Adwoa Adusei But, to finish the story of the Finns…. as with many immigrant communities, after a few generations, they moved on from Sunset Park. Here’s Robert again. 

Robert Saasto And this was taking place in the '80s. They were either dying off, moving to Florida or the young were going away and not coming back.

Krissa Corbett Cavouras Today, there are communities of Finnish people, some of them still speaking Finnish, in Florida and the Midwest, but they’re mostly gone from Brooklyn. Robert is trying to make sure that people living in Sunset Park today know a bit about the history of the Finns and their co-operative lifestyle.
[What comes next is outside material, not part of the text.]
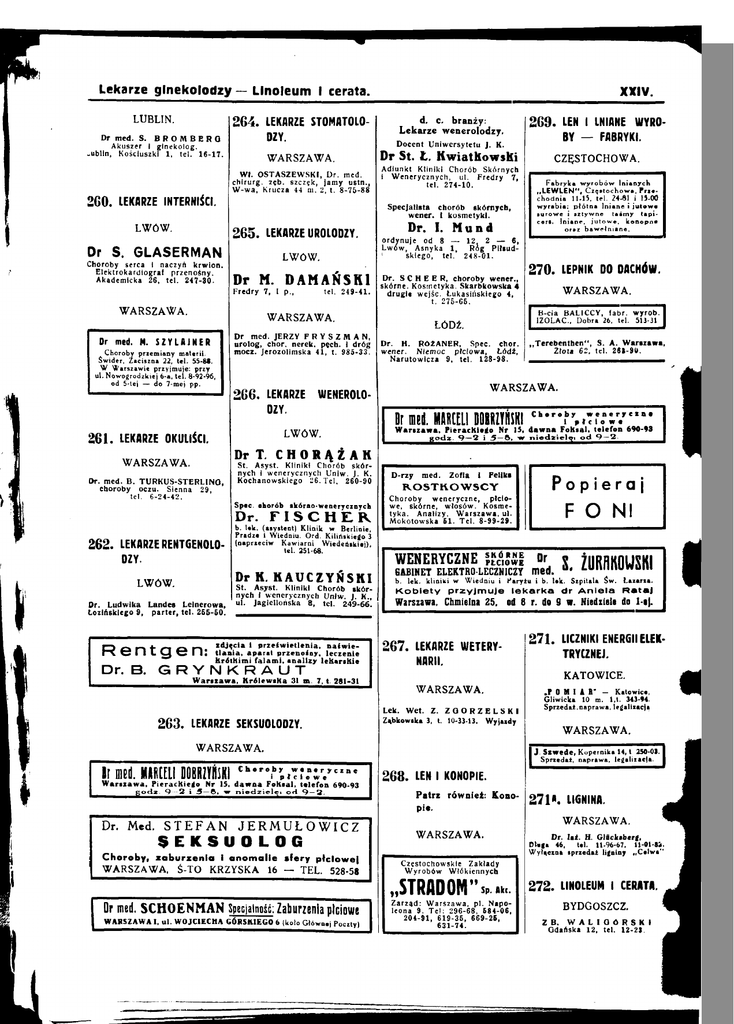 Lekarze ginekolodzy — Linoleum I cerata. LUBLIN. D r m e d . S. B R O M B E R O . Akuszer I g i n e k o l o g . Lublin, K o ś c i u s z k i 1 , t e l . 1 6 - 1 7 . 264. LEKARZE STOMATOLO DZY. WARSZAWA. Wl. OSTASZEWSKI, D r . med. c h i r u r g , z e b . s z c z ę k , Jamy u s t h . , W - w a , Krucza 44 m . 2, t . 8-75-88 260. LEKARZE INTERNIŚCI. LWÓW. Dr S. GLASERMAN LWÓW. Dr M. D A M A Ń S R 1 Fredry 7, I p . , WARSZAWA. Dr med. N. SZYLAJNER 261. LEKARZE OKULIŚCI. WARSZAWA. Dr. med. B . TURKUS-STERLINO, c h o r o b y o c z u . Sienna 2 9 , tel. 6-24-42. 262. LEKARZE RENTGENOLO DZY. St. Asyst. Kliniki Chorób skór n y c h I wenerycznych U n i w . J. K. K o c h a n o w s k i e g o 26. T e l . 260-90 skórno-wenerycznych F I S C H E R D r . L u d w i k a Landes L e l n e r o w a , Łozińskiego 9, parter, t e l . 265-60. St. A s y s t . K l i n i k i C h o r ó b s k ó r nych i wenerycznych U n i w . J. K., al. Jagiellońska 8, t e l . 249-66. o r d y n u j e o d 8 — 12 2 — 6, L w o w , Asnyka 1 , R ó g Piłsud skiego, t e l . 248-01. D r . S C H E E R, c h o r o b y w e n e r . , skórne. Kosmetyka. Skarbkowska 4 drugie wejść. Łukasińskiego 4, t . 275-65. G R Y N K R A U T W t n t a w s , K r ó l e w s k a SI a*. 7. t W - 3 1 263. LEKARZE SEKSUOLODZY. D r . H . R ó ż A N E R , Spec. c h o r . w e n e r . Niemoc p ł c i o w a , Łódź, N a r u t o w i c z a 9 , t e l . 128-98. WARSZAWA. „ T e r e b e n t h e n " , S. A . W a r s z a w a , Złota 62, t e l . 263-90. WARSZAWA. Dr med. MARCELI N I U T l S I l t * k t 9 ł \ t t l ? " " W a r s z a w a , F i e r a c K l . g o N r 15. d a w n a F o k s a l , t e l e f o n 690-93 ^^^^god»^a^O^J^5^^^w^r»i<Mj*iel^^^^9^^2^^^^^ D-rzy m e d . Zofia I Feliks KOSTKO WSCY Popieraj Choroby weneryczne, płcio w e , s k ó r n e , w ł o s ó w . Kosme tyka. Analizy. Warszawa, u l . Mokotowska 6 1 . T e l . 8-99-29. F O N ! WENERYCZNE Or GABINET ELEKTR0-LECZN1CZY med. * Ł « " " " " " » u " » 25. od 8 r. do 9 w. Niedziela do 1-sL 267. LEKARZE WETERY NARII. 271. LICZNIKI ENERGII ELEK TRYCZNEJ. KATOWICE. WARSZAWA. Lek. W e t . Z. Z O O R Z B L S K I Z a b k o w i k . 3, t . 10-33-13. Wyjazdy .POMIAR* Katowic., Gliwicka 10 m. l , t . 343-04. Sprzedaż.napraw., l e g . l i z a ć ) . WARSZAWA, J S z w e d e , K o p e r n i k . 14, t 33041. Sprzedał, naprawa, legalizacja- Ir med. MIKU DOBRZYHSIU " " V ; . T f : : 7 " " W a r . z a w a , P i e r a c k i e g o N r 15. d a w n a F o k s a l , t e l e f o n 690-93 JERMUŁOWICZ SEKSUOLOG Choroby, z a b u r z e n i a I anomalie sfory płciowej WARSZAWA. Ś-TO KRZYSKA 16 — T E L . 528-58 Specjalność: g ^ÜRfiKOWSKI B b . l a k . k l i n i . i w Wiedniu i f .ryżu 1 b . l a k . Szpitala Sw. Łaaarsa. K o b i e t y przyjmuje lekarka d r Aniela Rataj WARSZAWA. Dr med. S C H O E N M A N 270. LEPNIK DO DACHÓW. B-cia B A L I C C Y , f a b r . w y r ó b . I Z O L A C , Dobra. 26, t e l . 513-31 ŁÓDŹ. Warszawa. Chmielna n zdjęcia I prześwietlenia, s a l w i e I I , t l a a i a , • • • r a t przenośny, leczenia krótkimi f a l a m i , analizy lekarskie Dr. Mod. S T E F A N Fabryka w y r o b ó w lnianych „ L E W L E N " , C z ę s t o c h o w . , Prze chodnio 11-15, tel. 24-81li 15-00 wyrąbie: płótna lniane i jutowe surowe i sztywne tośmy tapi cer i . lniane, jutowe, konopne oroz bawełniane. b . lek. (ssystent) K l i n i k w Berlinie, Pradze i Wiedniu. O r d . Kilińskiego 3 (naprzeciw Kawiarni W i . d e d s k i . i ) , tel. 351-68. Dr K. H A U C Z Y Ń S K I LWÓW. B. Dr. I. Mund CZĘSTOCHOWA. Dr T . C H O R Ą Ż A K Dr. a Adiunkt Kliniki Chorób Skórnych i Wenerycznych, u l . Fredry 7, tel. 274-10. WENER010- LWÓW. Spec. chorób Dr. t e l . 249-41. D r m e d . JERZY F R Y S Z M A N , u r o l o g , c h o r . n e r e k , pach. 1 d r ó g m o c z . Jerozolimska 4 1 , t . 9 8 6 - 3 3 . 266. LEKARZE DZY. a n ł n XS I I I y D o c e n t U n i w e r s y t e t u J. K . 269. LEN I LNIANE WYRO BY — FABRYKI. Dr St. Ł. Kwiatkowski WARSZAWA. Choroby przemiany materii. Świder, Zaciszna 22, t e l . 55-88. W Warszawie przyjmuje: przy ul. Nowogrodzkiej 6-a, t e l . 8-92-96, od 5-tej — do 7-mej p p . R d. c. branży: Lekarze wenerolodzy. Specjalista c h o r ó b s k ó r n y c h , wener. i kosmetyki. 265. LEKARZE UROLODZY. Choroby serca I n a c z y ń k r w i o n . Elektrokardiograf przenośny. Akademicka 2 6 , t e l . 2 4 7 - 8 0 . XXIV. Zaburzenia płciowe WARSZAWA I . u l . WOJCIECHA G Ó R S K I E G O 0 (kolo Główno) Poczty) 268. LEN I KONOPIE. Patii również: Kono pi*. 271«. LIGNINA. WARSZAWA. WARSZAWA. Dr. l a ł . H . Glńck.berg, D ł u g . 46, t . l . 11-96-67, l i - ł l - S ł . Wyłączna sprzedaż ligniny „ C . l w . " Częstochowskie Zakłady Wyrobów Włókiennych „STR AD OM " s p akt. Zarząd: Warszawa, p l . Napo leona 9 . T e l : 296-68, 6 8 4 - 0 6 , 2 0 4 - 9 1 , 6 1 9 - 3 6 , 669-2S. 631-74. 272. LINOLEUM I CERATA. BYDGOSZCZ. ZB. W A L I G Ó R S K I O d a ń s k a 1 2 , t e l . 12-23.

Recently, we plaques  going up on some of the buildings in my neighborhood.

Robert Saasto And I have been amazed at the positive response I have gotten from all the buildings, from the old Finn co-ops. All the people, particularly the young people, so appreciate the history and the significance. 

Adwoa Adusei I think there is a trend toward people wanting to know more about their neighborhoods and the people who built it.

Krissa Corbett Cavouras Yes, exactly. And I think that’s part of what I love about this story. The Finnish legacy can still be found here today, not only in the physical buildings, but in this community spirit, and the co-operation that made it possible for an immigrant community to survive and flourish. It’s something Esther Wang mentioned, too — that Sunset Park is still a place with very strong and very active immigrant communities.

Children gather in Sunset Park Library in 2016 for a Hispanic Heritage month celebration.
(Gregg Richards, Brooklyn Public Library)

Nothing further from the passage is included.